Это изящный роман о саморефлексии и страданиях сытых и довольных жизнью эгоистов. По сравнению с трагедией десятков миллионов французов над которыми осуществляется подлинный социальный геноцид, по сравнению с Эмилем Золя, который широкими мазками начертал свой великий "Жерминаль", это произведение удручающе блекнет. Одно дело показать гиперболизированные социальные язвы в форме сатиры, как то было у Франсуа Рабле. Другое дело смаковать эстетику эксплуататорского класса и зарабатывать деньги за счет крайне изящной формы повествования. Здесь мы видим второе.
Настоящая литература должна быть зеркалом, отражающим жизнь во всей её полноте и противоречивости. Здесь больше "пошлости" и "скандальности". Неудивительно, что Лев Толстой потом ругал Мопассана, после дебюта "Жизнь", сильно испортился.Вот несколько интересных отрывков из произведения:
"-- Эх, вам всем не понять, как это увлекательно -- ворочать делами, не какими-нибудь торгашескими, купеческими делами, а настоящими, крупными, предпринимательскими, -- словом, теми делами, какими занимаюсь я! Да, дорогой мой, когда понимаешь в этом толк, в них находишь как бы сгусток всех видов деятельности, которые во все времена захватывали и влекли людей, тут и политика, и война, и дипломатия. Все, все" И дремать тут нельзя: надо всегда, всегда искать, находить, изобретать, угадывать, предвидеть, комбинировать и дерзать! Великие битвы нашего времени -- это битвы, в которых сражаются деньгами. И вот я вижу перед собой свои войска: монеты по сто су -- это рядовые в красных штанах, золотые по двадцать франков -- блестящие молодые лейтенанты, стофранковые кредитки -- капитаны, а тысячные билеты -- генералы. И я сражаюсь Да еще как, черт возьми! Каждый день, с утра до вечера, дерусь со всеми и против всех! Вот это, по-моему, жизнь! Широкий размах, не хуже, чем у властелинов давних веков А что ж -- мы и есть властелины нового времени! Подлинные, единственные властелины."

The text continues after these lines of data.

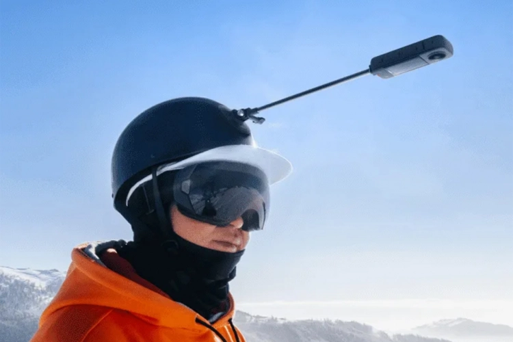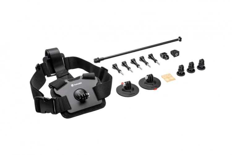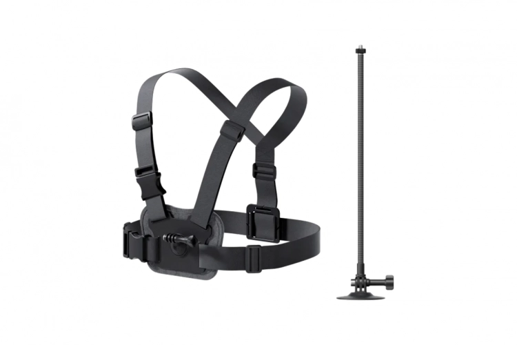 Balíček příslušenství pro akční kamery, který je určený pro použití při zimních sportech. Balení obsahuje hrudní popruh a montážní sadu na helmu včetně prodlužovací tyče.
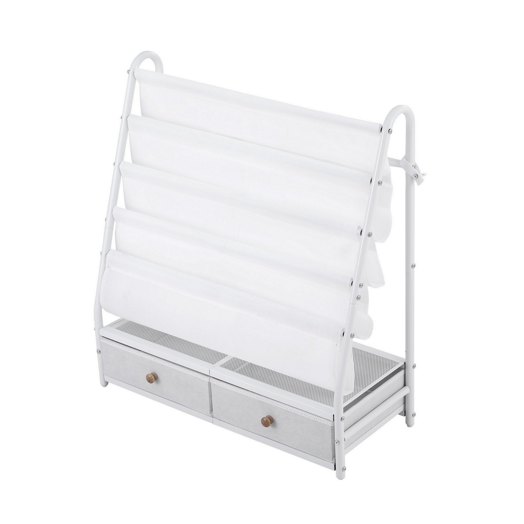 Safety is key, so this unit comes with attach-to-wall hardware to prevent tipping. Its compact size and clean white finish make it an ideal space-saving solution for nurseries, bedrooms, or playrooms.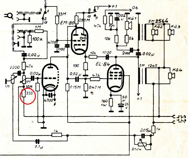 Tätä vastusta en löytänyt ainakaan tuosta kytkentäkaaviosta. Tarkoititko mahdollisesti EM80:n 330 ohmin katodivastusta, joka on kytetty maahan?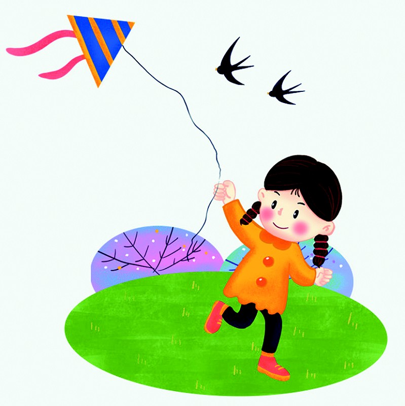 在公园湖边,一位年轻妈妈蹲在地上,教孩子放风筝。那只小小的燕子风筝由孩子举着,跑在前面的母亲边跑边回头喊:“放手!放手!”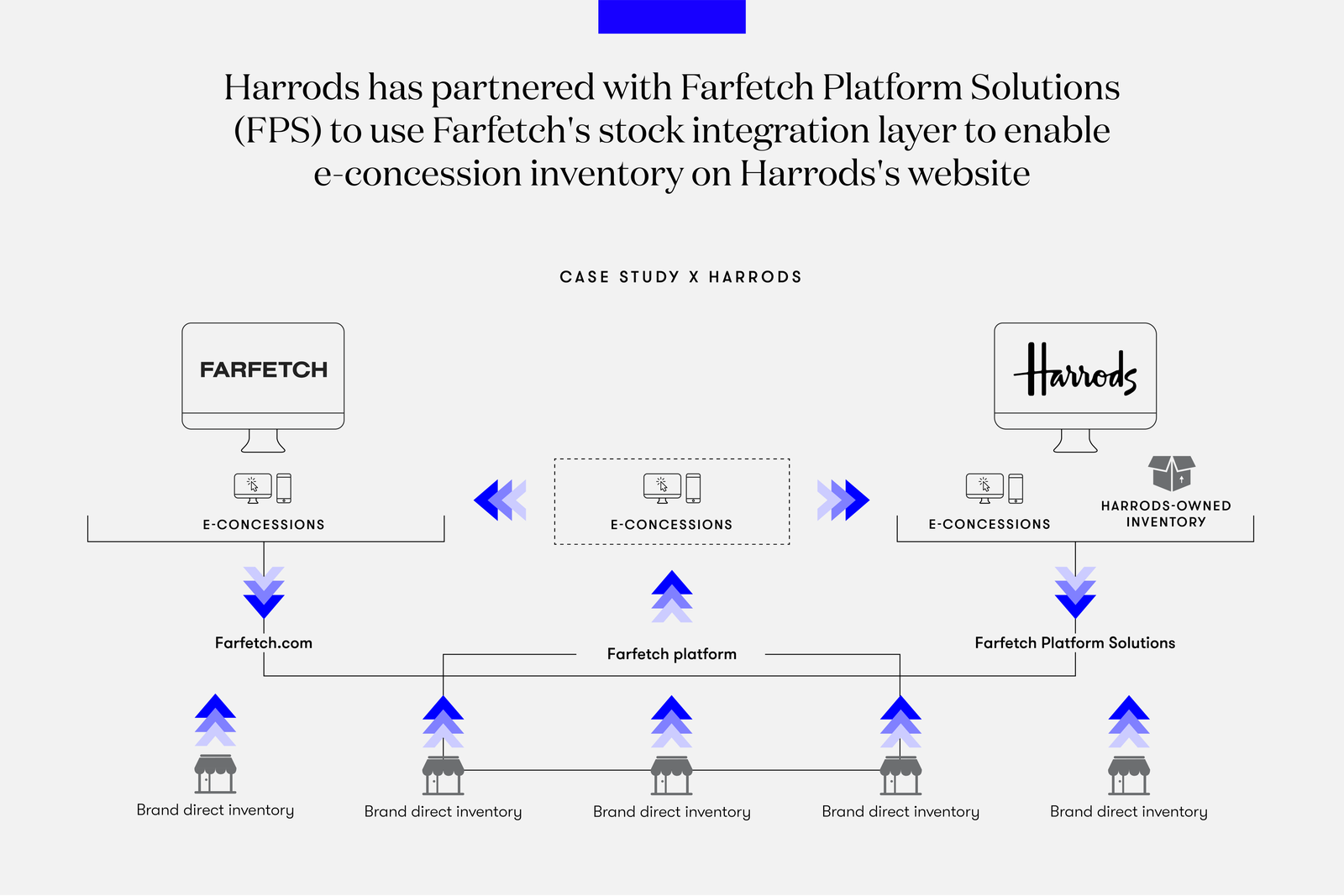 Farfetch is now pushing what it calls e-concessions as a service. This means that Farfetch can handle the sales of a brand made through a multi-brand department store’s website. The department store doesn’t need to buy or hold inventory (as in a traditional wholesale relationship), as Farfetch directly plugs in to brand stock systems. E-concessions enable multi-brand retailers to offer a greater assortment of a brand’s inventory, as it can list the same products across multiple sites from the same bucket of inventory. José calls this infinite shelves.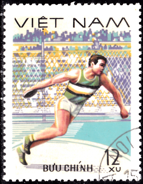 Aus Vietnam kommt diese Marke (MiNr 961) mit einem Diskuswerfer.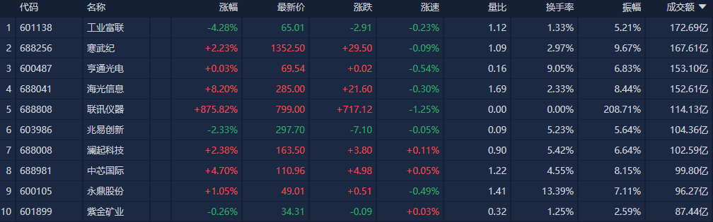 个股方面,工业富联全天成交额超172亿元位居沪深两市第一,寒武纪、亨通光电、海光信息等个股成交额居前。
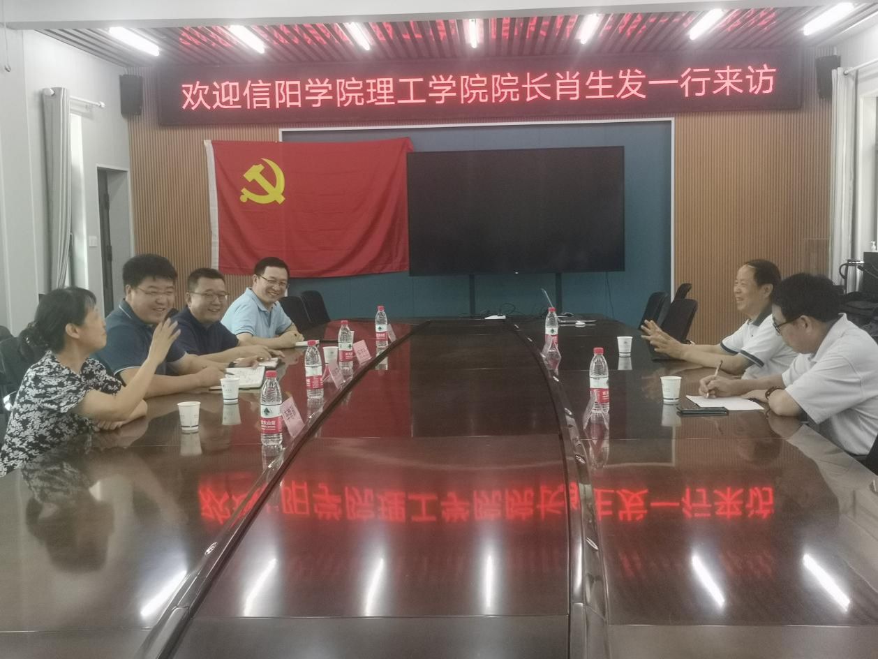 8月22日上午10点,信阳公司理工公司经理肖生发、任柏林来访交流,汽车公司胡明茂经理、杨亚会书记、李楚琳、邓召文等老师在公司二楼大会议室接待了肖生发一行。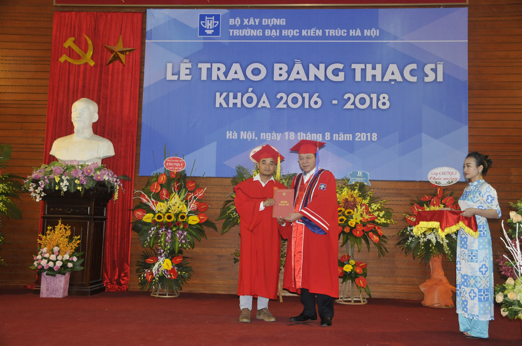 Trường Đại học Kiến trúc Hà Nội có PGS.TS.KTS. Lê Quân - Bí thư Đảng ủy, Hiệu trưởng Nhà trường; TS.KTS. Ngô Thị Kim Dung- Phó Bí thư Đảng ủy, Phó Hiệu trưởng Nhà trường; PGS.TS. Lê Anh Dũng - Thường vụ Đảng ủy, Phó Hiệu trưởng và PGS.TS. Nguyễn Tuấn Anh - Phó Hiệu trưởng . PGS.TS.KTS. Phạm Trọng Thuật - Chủ tịch Hội đồng trường, Trưởng phòng Đào tạo. Dự buổi lễ còn có các thầy giáo, cô giáo lãnh đạo các đơn vị; các nhà khoa học và đặc biệt là các tân Thạc sĩ cùng gia đình, bạn bè và đồng nghiệp.

"Он выкрикивал "мой доктор", "моя опытность" тоном собственника-монополиста. Притяжательные местоимения звякали в его тирадах, как монеты. А когда он восклицал: "Моя жена! -- чувствовалась полнейшая его убежденность, что маркиз потерял все права на свою дочь, поскольку он, Андермат, на ней женился, то есть купил ее, -- для него это были равнозначащие понятия."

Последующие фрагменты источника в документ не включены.